**Exercise material**.
____________
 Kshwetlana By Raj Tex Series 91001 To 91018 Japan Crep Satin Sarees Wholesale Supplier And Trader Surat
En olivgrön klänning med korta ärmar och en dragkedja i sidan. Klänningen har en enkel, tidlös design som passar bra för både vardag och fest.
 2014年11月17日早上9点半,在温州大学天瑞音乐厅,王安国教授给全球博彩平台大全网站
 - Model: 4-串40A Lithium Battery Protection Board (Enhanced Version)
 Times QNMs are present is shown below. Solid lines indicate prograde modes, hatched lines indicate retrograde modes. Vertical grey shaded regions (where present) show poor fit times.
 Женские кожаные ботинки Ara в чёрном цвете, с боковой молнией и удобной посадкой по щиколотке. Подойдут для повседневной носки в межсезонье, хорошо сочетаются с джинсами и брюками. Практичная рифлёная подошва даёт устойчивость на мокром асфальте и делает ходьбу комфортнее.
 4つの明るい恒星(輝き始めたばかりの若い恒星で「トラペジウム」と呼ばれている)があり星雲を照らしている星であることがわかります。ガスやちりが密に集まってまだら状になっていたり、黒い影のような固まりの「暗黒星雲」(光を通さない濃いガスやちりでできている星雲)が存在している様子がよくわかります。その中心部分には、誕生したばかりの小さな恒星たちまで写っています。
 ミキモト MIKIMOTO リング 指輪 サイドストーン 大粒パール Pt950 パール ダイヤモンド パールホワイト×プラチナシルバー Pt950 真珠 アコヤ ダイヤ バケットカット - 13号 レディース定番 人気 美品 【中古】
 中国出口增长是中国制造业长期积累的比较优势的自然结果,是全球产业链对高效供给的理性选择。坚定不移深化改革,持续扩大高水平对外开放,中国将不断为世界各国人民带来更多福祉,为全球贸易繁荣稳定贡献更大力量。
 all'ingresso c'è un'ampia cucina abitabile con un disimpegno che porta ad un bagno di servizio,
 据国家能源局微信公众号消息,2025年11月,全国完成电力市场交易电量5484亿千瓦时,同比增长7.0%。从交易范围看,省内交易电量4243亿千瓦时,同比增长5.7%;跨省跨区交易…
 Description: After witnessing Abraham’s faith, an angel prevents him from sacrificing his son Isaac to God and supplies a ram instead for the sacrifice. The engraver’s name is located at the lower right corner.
____________
Every entry must be printed again, exactly as it reads.

 Kshwetlana By Raj Tex Series 91001 To 91018 Japan Crep Satin Sarees Wholesale Supplier And Trader Surat
En olivgrön klänning med korta ärmar och en dragkedja i sidan. Klänningen har en enkel, tidlös design som passar bra för både vardag och fest.
 2014年11月17日早上9点半,在温州大学天瑞音乐厅,王安国教授给全球博彩平台大全网站
 - Model: 4-串40A Lithium Battery Protection Board (Enhanced Version)
 Times QNMs are present is shown below. Solid lines indicate prograde modes, hatched lines indicate retrograde modes. Vertical grey shaded regions (where present) show poor fit times.
 Женские кожаные ботинки Ara в чёрном цвете, с боковой молнией и удобной посадкой по щиколотке. Подойдут для повседневной носки в межсезонье, хорошо сочетаются с джинсами и брюками. Практичная рифлёная подошва даёт устойчивость на мокром асфальте и делает ходьбу комфортнее.
 4つの明るい恒星(輝き始めたばかりの若い恒星で「トラペジウム」と呼ばれている)があり星雲を照らしている星であることがわかります。ガスやちりが密に集まってまだら状になっていたり、黒い影のような固まりの「暗黒星雲」(光を通さない濃いガスやちりでできている星雲)が存在している様子がよくわかります。その中心部分には、誕生したばかりの小さな恒星たちまで写っています。
 ミキモト MIKIMOTO リング 指輪 サイドストーン 大粒パール Pt950 パール ダイヤモンド パールホワイト×プラチナシルバー Pt950 真珠 アコヤ ダイヤ バケットカット - 13号 レディース定番 人気 美品 【中古】
 中国出口增长是中国制造业长期积累的比较优势的自然结果,是全球产业链对高效供给的理性选择。坚定不移深化改革,持续扩大高水平对外开放,中国将不断为世界各国人民带来更多福祉,为全球贸易繁荣稳定贡献更大力量。
 all'ingresso c'è un'ampia cucina abitabile con un disimpegno che porta ad un bagno di servizio,
 据国家能源局微信公众号消息,2025年11月,全国完成电力市场交易电量5484亿千瓦时,同比增长7.0%。从交易范围看,省内交易电量4243亿千瓦时,同比增长5.7%;跨省跨区交易…
 Description: After witnessing Abraham’s faith, an angel prevents him from sacrificing his son Isaac to God and supplies a ram instead for the sacrifice. The engraver’s name is located at the lower right corner.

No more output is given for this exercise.